Fenerbahçe’nin “teknik patronu” futbolcularına “üç gün izinlisiniz” dedi geçenlerde.
Der ya!..Vardır bir bildiği.
Bu anlı, şanlı, yıldızlı, yaldızlı muazzam organizasyonun sportif lideri, her türlü sınavı geride bırakmış, doğrular içinde “en doğruyu bilen adamdır” değil mi?
Fakat, o da ne?
Kulübün Başkanı, teknik patron da dahil hepsini yataklarından, şezlonglarından kaldırıp, tesislere çağırıyor ve antrenmana çıkartıyor!
“Dördüncü yıldızı unuttunuz galiba. Marş marş çalışmaya”.
Hoppala...
Kimse bana “olur böyle vakalar” demesin.
Neden mi?
Fenerbahçe takımının o üç gün içinde “yan gelip yatması” değil de gerçekten çalışması gerekiyorsa, teknik direktör Ersun Yanal “görevi ihmal” de dahil her türlü suçlamanın muhatabıdır.
Hatta siyasetimizin jargonuna denk gelse, “ihanet” yaftası çoktan boynuna asılmıştı, meydan meydan reklam ediliyordu!
Kolaylıkla “sen kimlerin ekmeğine yağ sürmeye, değirmenine su taşımaya çalışıyorsun be adam” deniyordu.
Veya... Ersun Yanal teknik adam falan değildi!..
Tersini düşünelim...
Ya üç gün tatil, futbolcularda teknik/taktik/psikolojik açıdan bir sıçrama yaratacak ve üç günlük antrenmanla kazanılacakları katlayacaksa...
Bu sefer de Aziz Yıldırım, bilmediği işe karışıp bir çuval inciri berbat eden Başkan olmuyor mu?
Veya Ersun Yanal çantasını toplayıp gitsin diye Fenerbahçe takımını operasyonuna dekor yapan düşüncesiz...
Sahi, Aziz Bey’in emriyle çıkılan antrenmanda sakatlanan Diego’nun durumundan kim sorumlu şimdi?
Kısaca... Neresinden bakarsanız “durduk yerde kendi başına dert açma” ile “kendi ayağına kurşun sıkma” arasında tuhaf bir Aziz Yıldırım eylemi daha...
Malum, seneler önce “üç yıl üst üste şampiyonluk garantisi vermiş” ve herkesi tüylerini diken diken etmişti kendisi.
Paralel maralel... Herhangi bir “yapı” Fenerbahçe üzerinden toplum mühendisliğine kalkışmışsa; “ortamı yaratan, olayı tetikleyen” durduk yerde üç yıl şampiyonluk garantisiydi.
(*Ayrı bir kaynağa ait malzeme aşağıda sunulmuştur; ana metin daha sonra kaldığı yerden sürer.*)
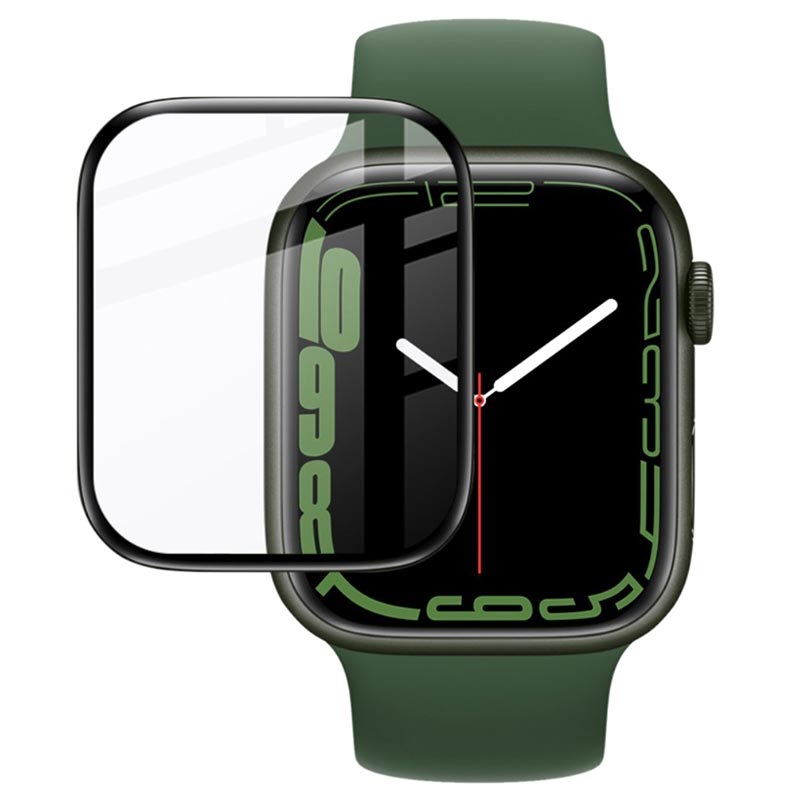 Med en Imak Full Coverage skjermbeskytter i herdet glass laget av PMMA-glass, er Apple Watch Series 9/8/7 trygg mot støt, riper, støt. Den svarte skjermbeskytterkanten gir deg et mer tiltalende utseende, og det ultratynne glasslaget forstyrrer ikke vanlig bruk av Apple Watch Series 9/8/7.

Şimdi de dördüncü yıldız için iç huzursuzluktan başka hiçbir getirisi olmayacak, lig başlarken taşları yerinden oynatacak ilginç hamle.
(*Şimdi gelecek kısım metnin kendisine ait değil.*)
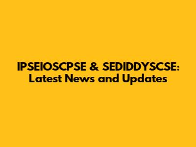 IPSEIOSCPSE & SEDIDDYSCSE: Latest News And Updates

Evvelsi gün gitmeliydi Ersun Yanal...
Gitmedi... Sorun sezona yayıldı.
“Ersun Yanal yolcu mu?” yazıları ve yorumları için “takımı karıştırmaya çalışıyorlar” suçlaması yapıldı ama kimse kızmasın medyaya.
Aklın yolu bir:
Aziz Yıldırım neden Ersun Yanal’ı çırak çıkarıp tüm takım gözünde otoritesini sıfırlayacak emrivakilere girebilir?
Tek analiz var:
Sayın Yıldırım samimi olarak “çalışmak gerektiğine” inanıyorsa, açar telefonu, “izni boş ver hoca sen bu takımı çağır tatilden” der.
Yanal da “benden iyi mi bileceksin” demeye yüreği yetmiyorsa, “düşündüm taşındım tatilden vazgeçtim” diye çağırır futbolcularınıÖ Hem zevahiri kurtarır hem başkanın dediğini yapmış olur hem de işler yürür.
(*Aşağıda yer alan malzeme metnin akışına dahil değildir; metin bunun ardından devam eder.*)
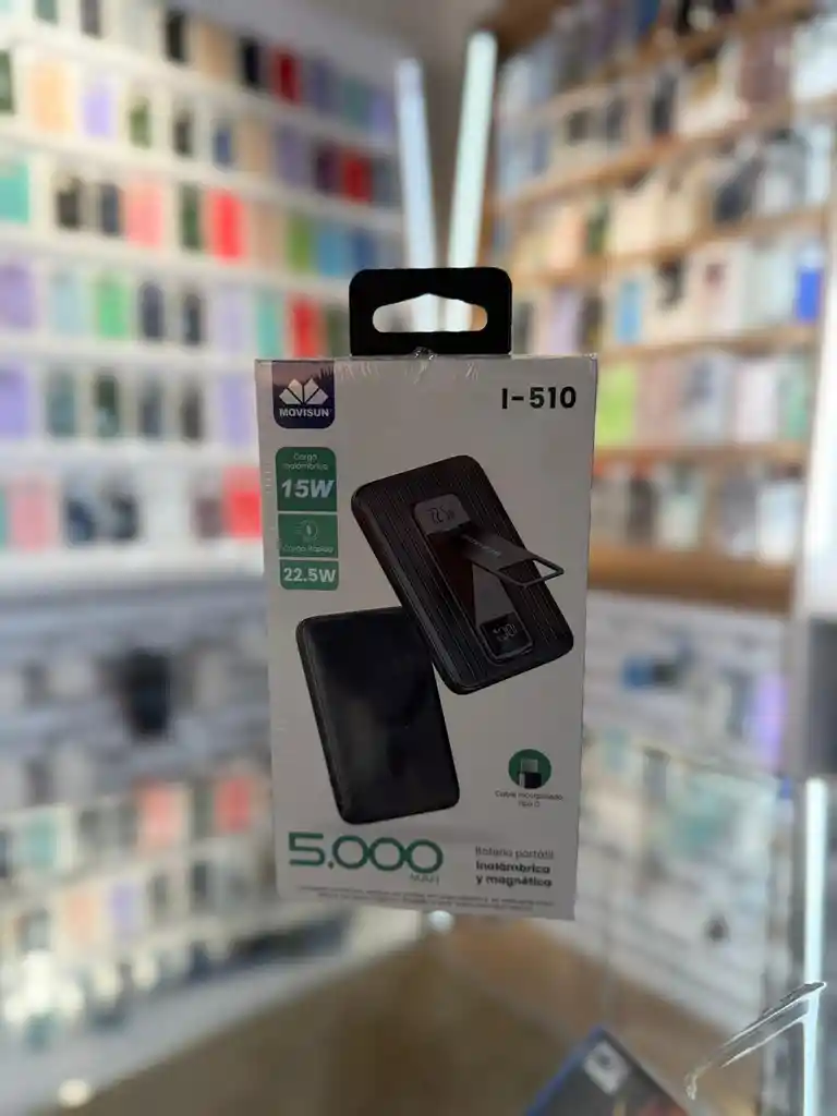 Power Bank Movisun I‑510 5000 mAh magnética, batería externa compacta con imán integrado para fijar fácilmente a tu celular compatible. Capacidad de 5000 mAh para carga rápida y portátil, ideal para llevar energía extra a cualquier lugar. 🔋📱✨

Çalışmaktan kimseye zarar gelmez sonuçta.
Ama öyle olmuyor...
“Başlatmayın izninize” tavrı Fenerbahçe santrforundan sokaktaki çocuğa kadar herkesin bilgisine sunuluyor.
Futbolculara “hocalarının hali ve istikbaline ilişkin” çok açık ipuçları veriliyor.
Medya da manşeti atıyor:
“Yanal yolcu”!..
Dördüncü yıldız böyle mi gelir?
Olabilir.
Lakin en zorlu yoldur.
En huzursuz... En rahatsız... En tekinsiz...
Diyeceksiniz ki “size ne”!..
Haklısınız.
Tasarrufun “zamanı, yeri, şekli ve sonuçları” tamamen Sayın Yıldırım’ın sorumluluğundadır.